Start of Provided entries

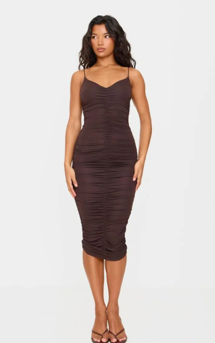 Keep your weekend look simple with this dress. Featuring a chocolate material with an extreme ruched design, spaghetti straps and a midi length, how could you say no? Style with clear high heels and white shoulder bag for a chic finish.
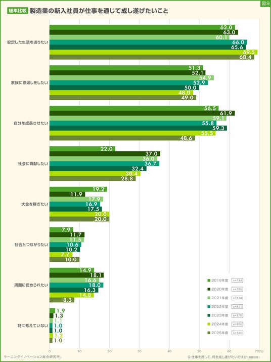 製造業の新入社員が仕事を通して成し遂げたいことについて、2019年度から7年間、各年度の新入社員の回答結果を比較しました。
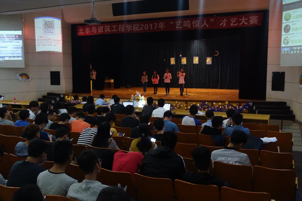 10月29日下午14:30,太阳成集团122ccvip在屏风校区南礼堂隆重举办了2016级、2017级新生才艺大赛。太阳成集团122ccvip2014级辅导员易姗姗老师,2015级辅导员安邦国老师,以及材料学院文艺部部长杨晨、商学院文艺部部长王馨翊担任本次比赛评委。
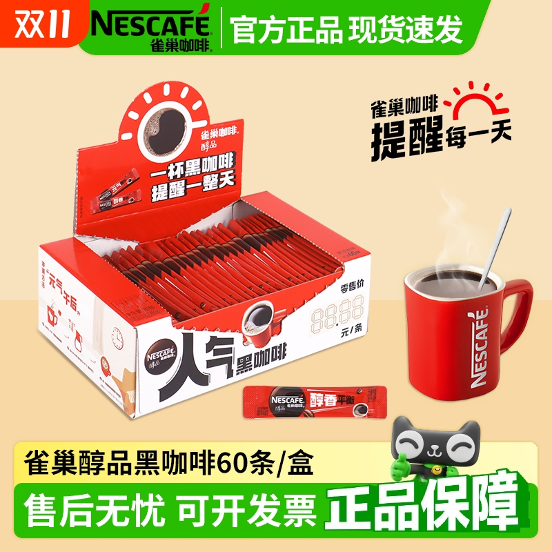 雀巢醇品黑咖啡无蔗糖添加美式速溶咖啡黑咖提神60包盒装醇香
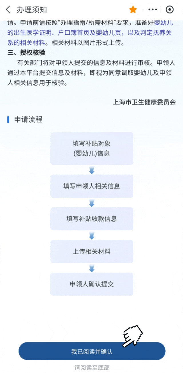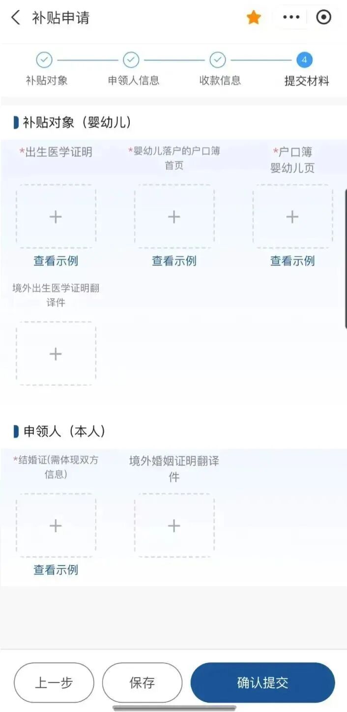 7.按页面提示上传婴幼儿(补贴对象)的出生医学证明、户口薄首页及婴幼儿页,以及判定抚养关系的相关材料,确认提交后等待审核结果。

End of Provided entries

- **Exercise details**
Please, leaving out all pictures, transcribe exactly the lines above from the one containing "雀巢醇品黑咖啡无蔗糖添加美式速溶咖啡黑咖提神60包盒装醇香" through the final line, both included.

- **Task output**
 雀巢醇品黑咖啡无蔗糖添加美式速溶咖啡黑咖提神60包盒装醇香
 7.按页面提示上传婴幼儿(补贴对象)的出生医学证明、户口薄首页及婴幼儿页,以及判定抚养关系的相关材料,确认提交后等待审核结果。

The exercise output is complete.